(Dataset entries)
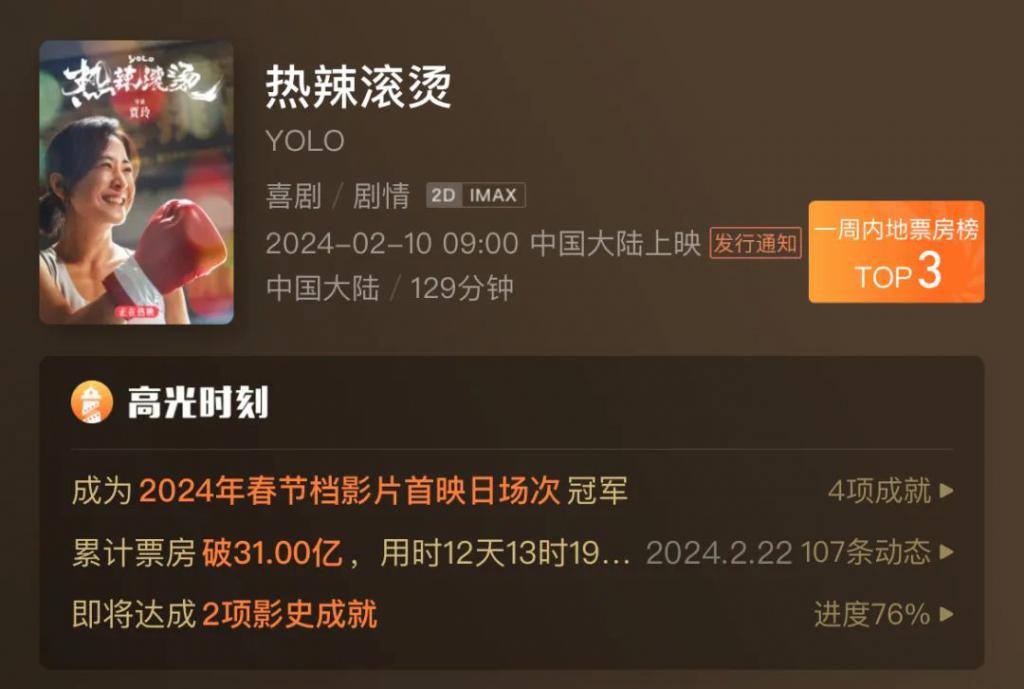 2 月 23 日 0 点,《热辣滚烫》票房突破 31 亿,跻身中国影史票房 TOP17。
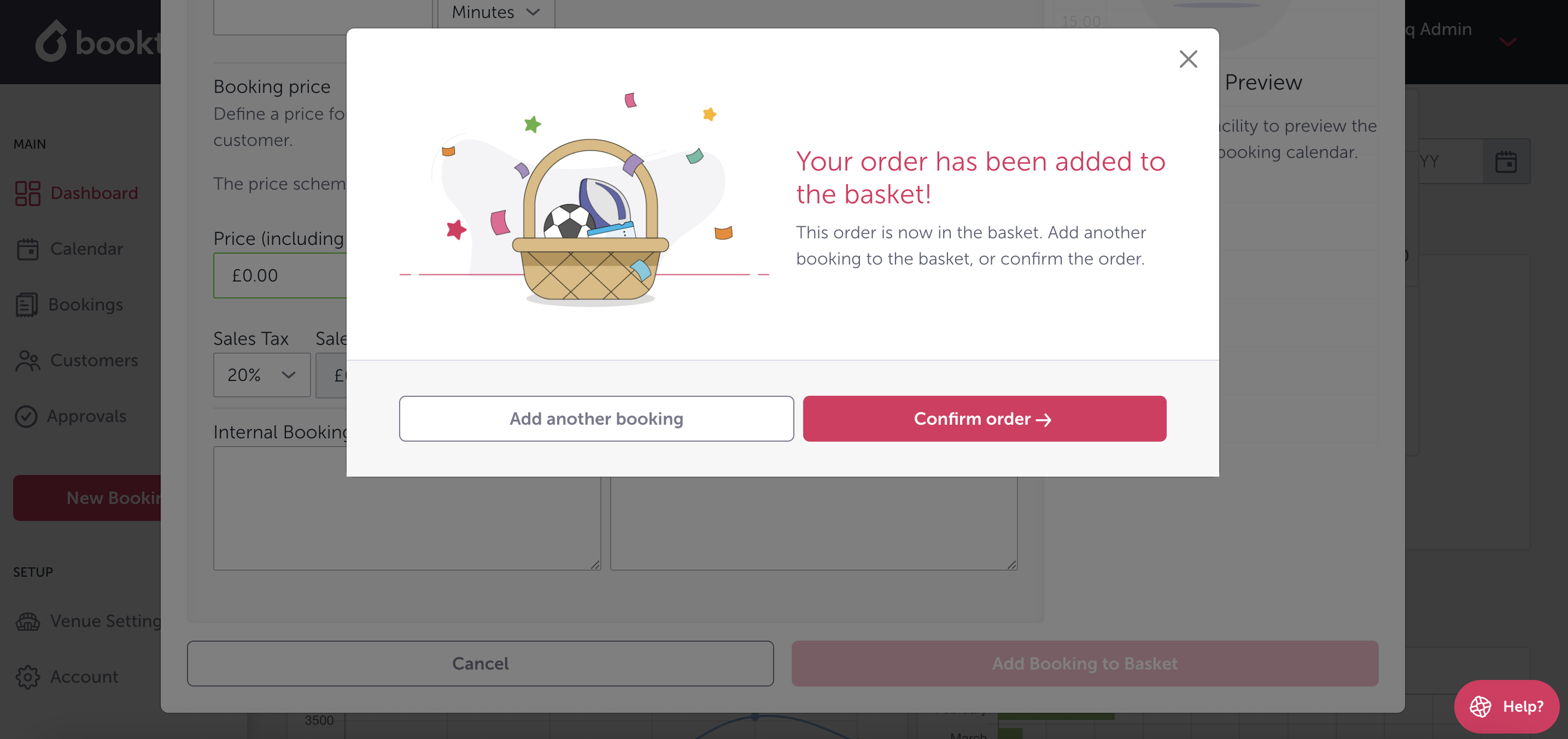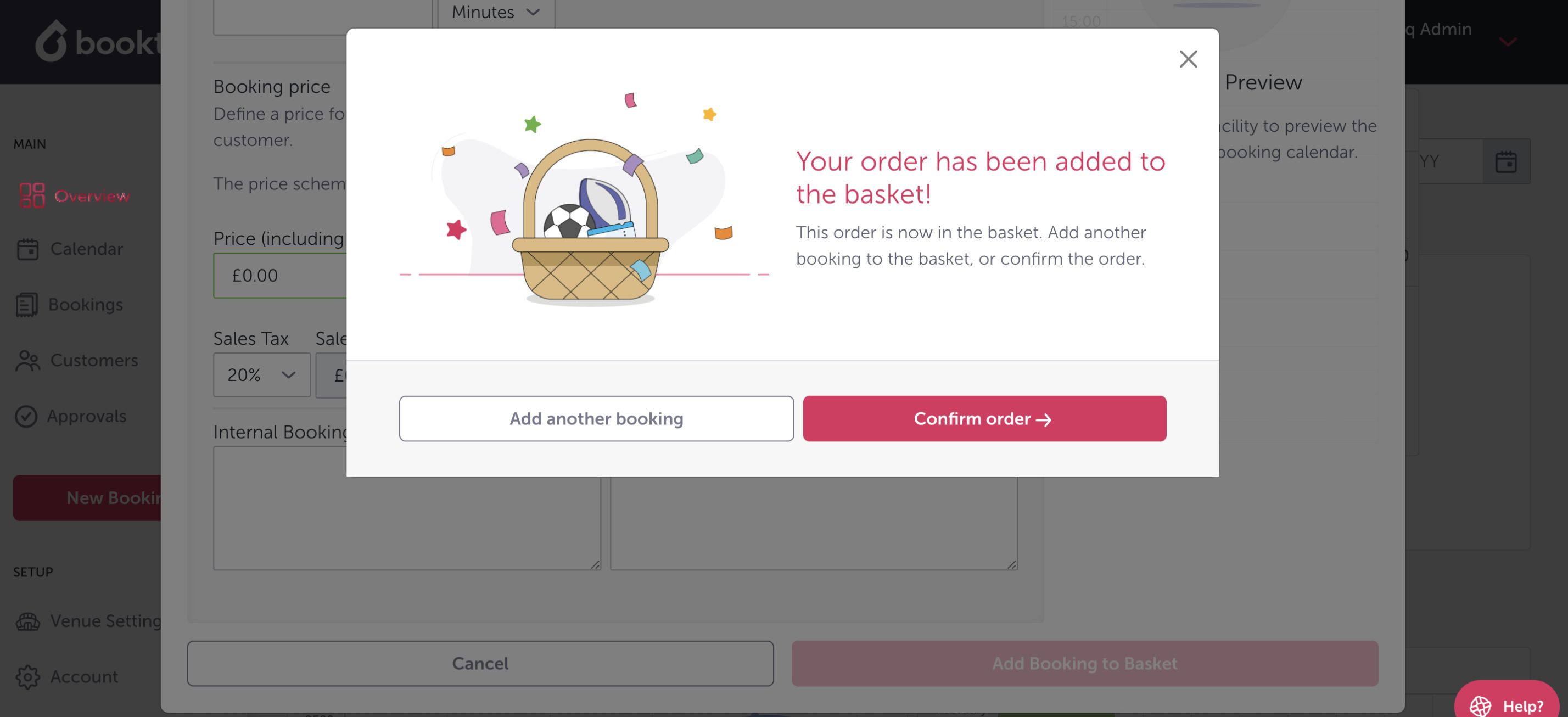 Once these details are confirmed by clicking the Add Booking to basket button, the booking will appear in the Basket where you can confirm the booking.
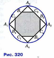 1136. Квадрат A1A2A3A4 вписан в окружность радиуса R (рис. 320). На его сторонах отмечены восемь точек так, что A1B1 = А2В2 = А3В3 = А4В4 = A1C1 = А2С2 = А3С3 = А4С4 = R. Докажите, что восьмиугольник B1C3B2C4B3C1B4C2 правильный, и выразите площадь этого восьмиугольника через радиус R.
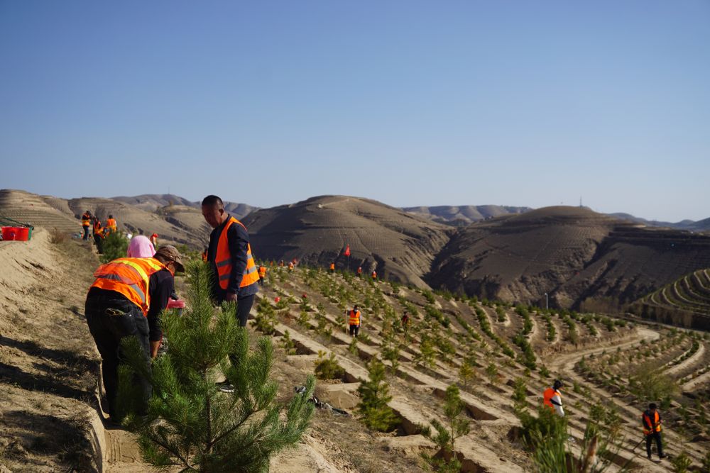 图为10月31日拍摄的甘肃省庆阳市环县毛乌素沙地防风固沙屏障项目田佛山治理点植树现场。(新华社记者 贾钊 摄)
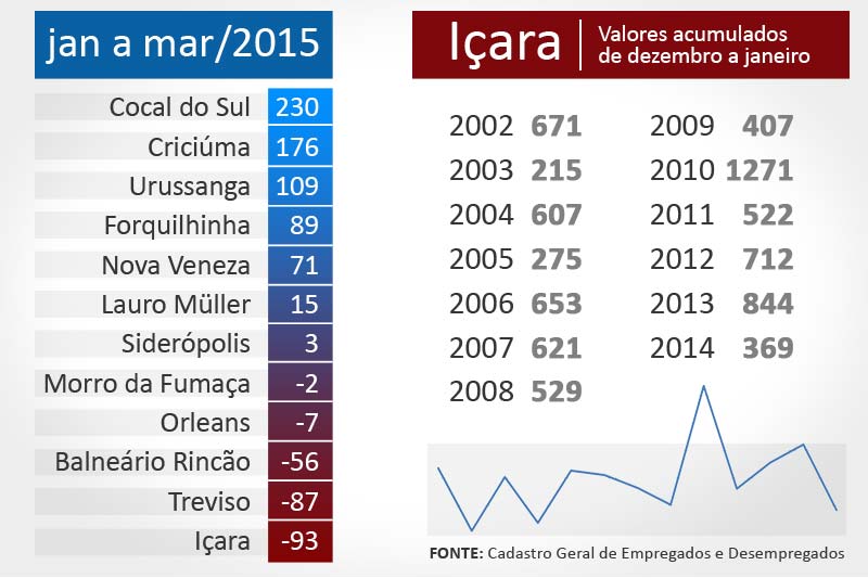 O primeiro trimestre não foi positivo para a geração de empregos em Içara. Afinal, a cidade teve 93 postos de trabalho eliminados. É o pior número na Região Carbonífera e o 10º maior déficit de Santa Catarina. À frente aparecem Bombinhas (-633), Garopaba (-452), Laguna (-389), Lebon Regis (-257), Balneário Camboriú (-169), Barra Velha (-131), Penha (-110), Capivari de Baixo (-105) e Imbituba (-97).

[What you will do] Without the pictures, restate all the entries above exactly.

[Exercise output]
 2 月 23 日 0 点,《热辣滚烫》票房突破 31 亿,跻身中国影史票房 TOP17。
 Once these details are confirmed by clicking the Add Booking to basket button, the booking will appear in the Basket where you can confirm the booking.
 1136. Квадрат A1A2A3A4 вписан в окружность радиуса R (рис. 320). На его сторонах отмечены восемь точек так, что A1B1 = А2В2 = А3В3 = А4В4 = A1C1 = А2С2 = А3С3 = А4С4 = R. Докажите, что восьмиугольник B1C3B2C4B3C1B4C2 правильный, и выразите площадь этого восьмиугольника через радиус R.
 图为10月31日拍摄的甘肃省庆阳市环县毛乌素沙地防风固沙屏障项目田佛山治理点植树现场。(新华社记者 贾钊 摄)
 O primeiro trimestre não foi positivo para a geração de empregos em Içara. Afinal, a cidade teve 93 postos de trabalho eliminados. É o pior número na Região Carbonífera e o 10º maior déficit de Santa Catarina. À frente aparecem Bombinhas (-633), Garopaba (-452), Laguna (-389), Lebon Regis (-257), Balneário Camboriú (-169), Barra Velha (-131), Penha (-110), Capivari de Baixo (-105) e Imbituba (-97).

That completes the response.